Download or read book Divining without Seeds written by Iruka N. Okeke and published by Cornell University Press. This book was released on 2011-02-15 with total page 240 pages. Available in PDF, EPUB and Kindle. Book excerpt: Infectious disease is the most common cause of illness and death in Africa, yet health practitioners routinely fail to identify causative microorganisms in most patients. As a result, patients often do not receive the right medicine in time to cure them promptly even when such medicine is available, outbreaks are larger and more devastating than they should be, and the impact of control interventions is difficult to measure. Wrong prescriptions and prolonged infections amount to needless costs for patients and for health systems. In Divining without Seeds, Iruka N. Okeke forcefully argues that laboratory diagnostics are essential to the effective practice of medicine in Africa. The diversity of endemic life-threatening infections and limited public health resources in tropical Africa make the need for basic laboratory diagnostic support even more acute than in other parts of the world.
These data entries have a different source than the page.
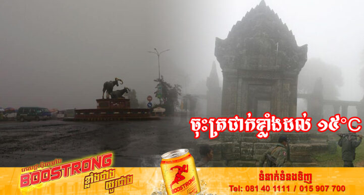 រាជធានីភ្នំពេញ៖ យោងតាមការចុះផ្សាយរបស់ ក្រសួងធនធានទឹក និងឧតុនិយម នៅថ្ងៃទី១៦ ខែធ្នូ ឆ្នាំ២០២២ បានចេញសេចក្ដីជូនដំណឹងបន្ថែម ស្ដីពីស្ថានភាពធាតុអាកាសចាប់ពីថ្ងៃទី១៨ ដល់ថ្ងៃទី២០ ខែធ្នូ ឆ្នាំ២០២២ បានឱ្យដឹងថា៖ ស្ថានភាពអាកាសធាតុជាបន្តនៅតែសង្កេតឃើញថា ទ្រនុងសម្ពាធខ្ពស់ពីចិនបានធ្លាក់យ៉ាងគំហុគមកក្រោមជាមួយនឹងខ្យល់មូសុងបក់ក្នុង ល្បឿនខ្លាំង ។ ស្ថានភាពបែបនេះនឹងធ្វើឲ្យ៖ ចាប់ពីថ្ងៃទី ១៨-២០ ខែធ្នូ ធាតុអាកាសអាចចុះត្រជាក់ខ្លាំង ជាពិសេសនៅបណ្តាខេត្តនៅតំបន់ភ្នំ និងជាប់ជួរភ្នំដងរែកនិងខ្ពង់រាបភាគឦសាន។ – ខេត្តមណ្ឌលគិរី រតនគិរី ព្រះវិហារ ឧត្តរមានជ័យ និងខេត្តប៉ៃលិន ស៊ីតណ្ហភាពអប្បបរមាអាចនឹងធ្លាក់ចុះក្នុងរង្វង់ពី ១៥-១៦°C ។ –
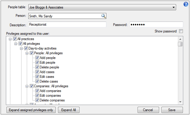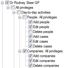 Panacea lists a hierarchy of privileges which can be assigned to the user. In the
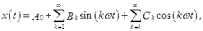 где k – номер гармоники (k =0, 1, 2, 3, …), Хk – амплитуда гармоники с номером k, ψ k – начальная фаза гармоники с номером k; 2) – двойным рядом Фурье, когда:
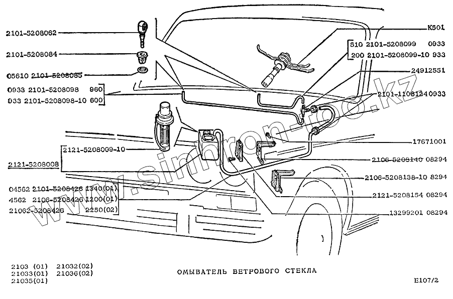 Каталог запасных частей к технике: ВАЗ-2103. Омыватель ветрового стекла
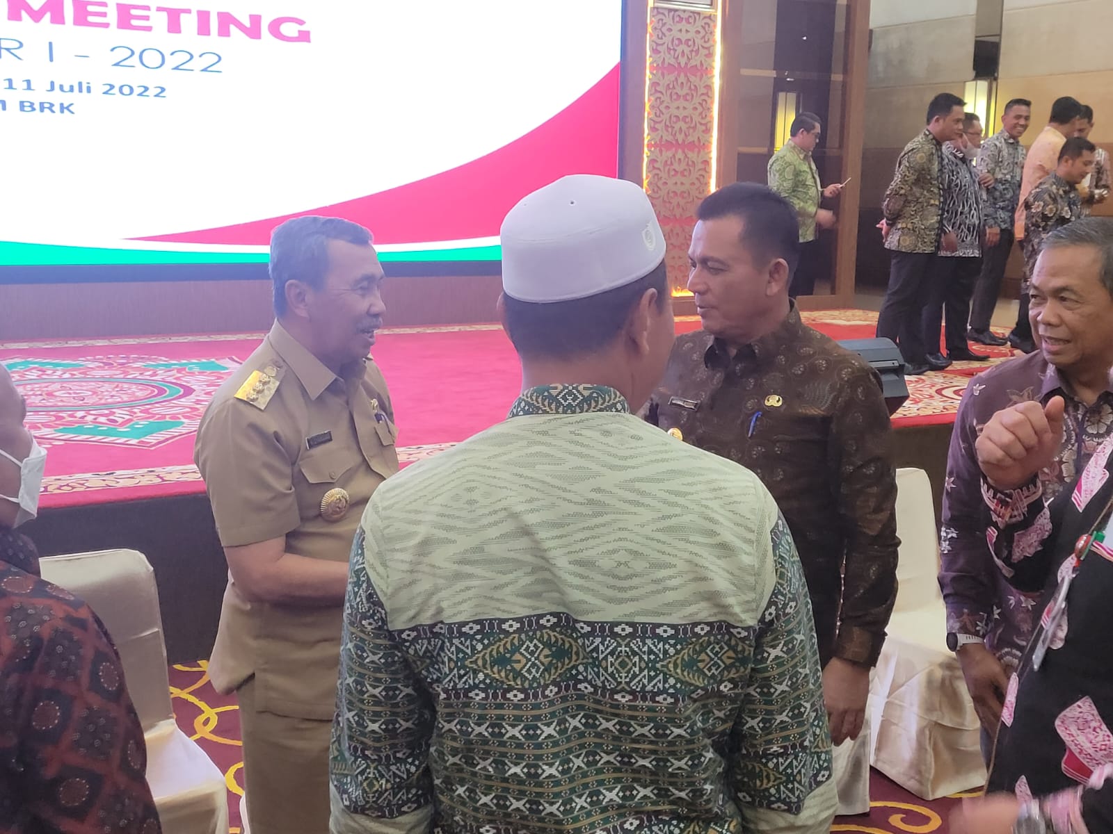 KEPRI (MR) - Gubernur Kepulauan Riau H. Ansar Ahmad menghadiri Rapat Evaluasi Kinerja Semester I Tahun 2022 yang diselenggarakan oleh Bank Riau Kepri di Ballroom Lt.4 MDM BRK Syariah Pekanbaru, Senin (11/07). Pertemuan tersebut membahas beberapa agenda salah satunya adalah progres konversi Bank Riau Kepri (BRK) menjadi BRK Syariah.

This book gathers compelling case studies of inadequate diagnoses of diseases ranging from fevers—including malaria—to respiratory infections and sexually transmitted diseases. The inherited and widely prevalent health clinic model, which excludes or diminishes the hospital laboratory, is flawed, to often devastating effect. Fortunately, there are new technologies that make it possible to inexpensively implement testing at the primary care level. Divining without Seeds makes clear that routine use of appropriate diagnostic support should be part of every drug delivery plan in Africa and that diagnostic development should be given high priority.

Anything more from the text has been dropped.